>>>

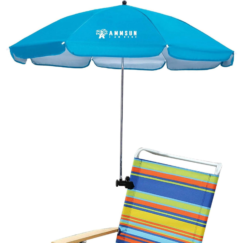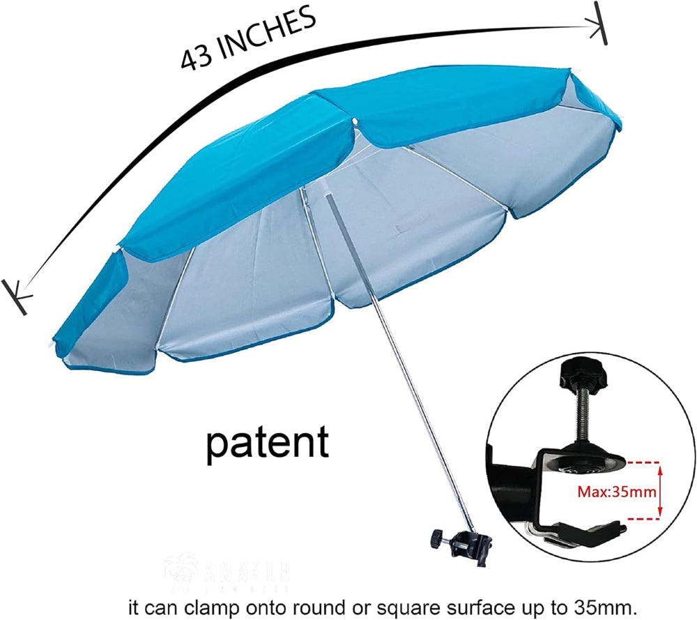 AMMSUN Chair Umbrella with Universal Clamp 43 inches UPF 50+ on Patio Chair, Beach Chair, Stroller, Sport chair, Wheelchair and Wagon, Bright Blue
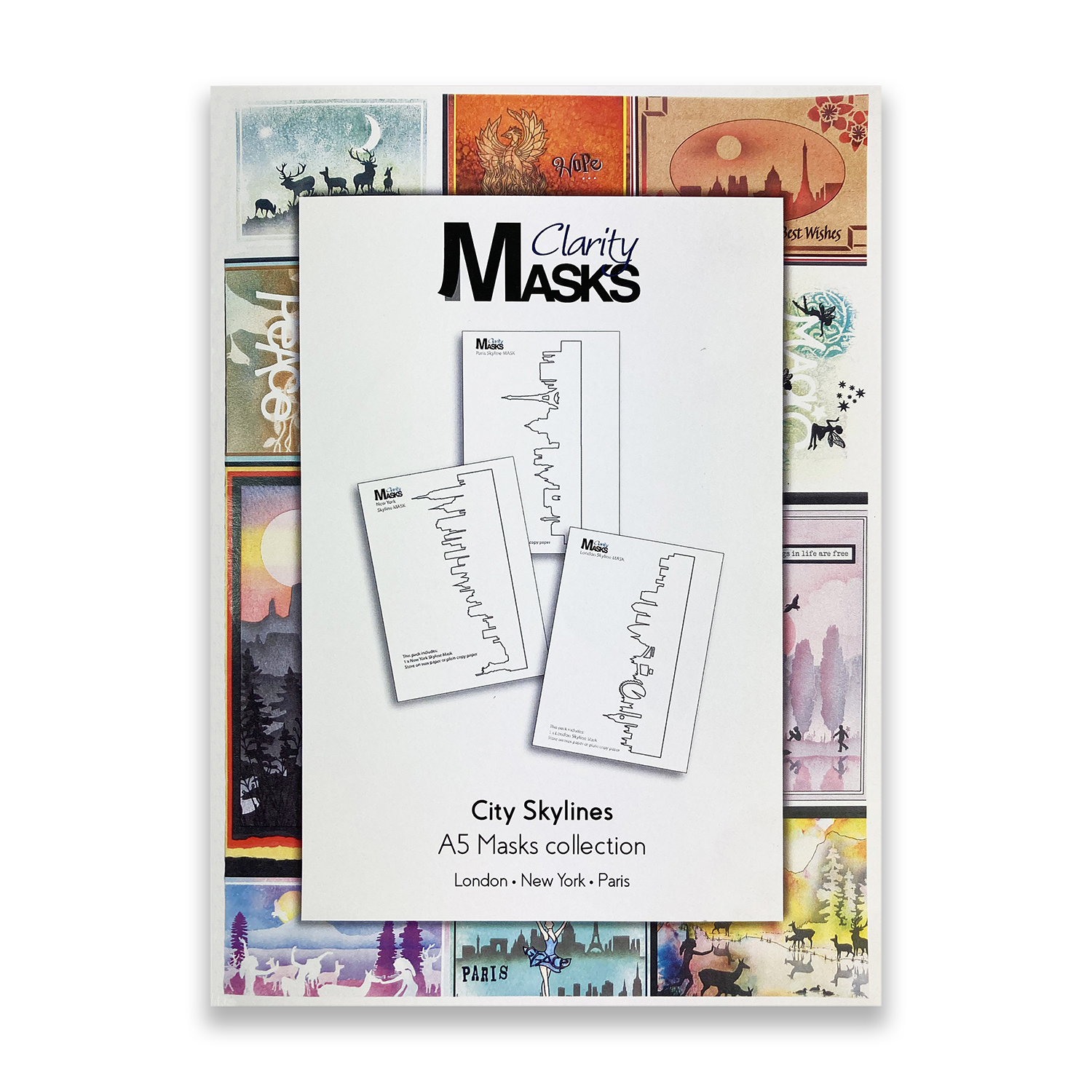 London, Paris & New York Skylines A5 Mask Set
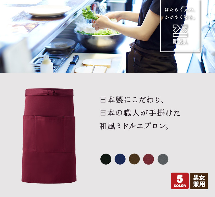 <こだわりの日本製>高級感ある和風ミドルエプロン[男女兼用](75-MW20)

<<<

**Task requirements**
Only the text of the listing above is wanted, transcribed exactly, without its images.

**Finished task**
 AMMSUN Chair Umbrella with Universal Clamp 43 inches UPF 50+ on Patio Chair, Beach Chair, Stroller, Sport chair, Wheelchair and Wagon, Bright Blue
 London, Paris & New York Skylines A5 Mask Set
 <こだわりの日本製>高級感ある和風ミドルエプロン[男女兼用](75-MW20)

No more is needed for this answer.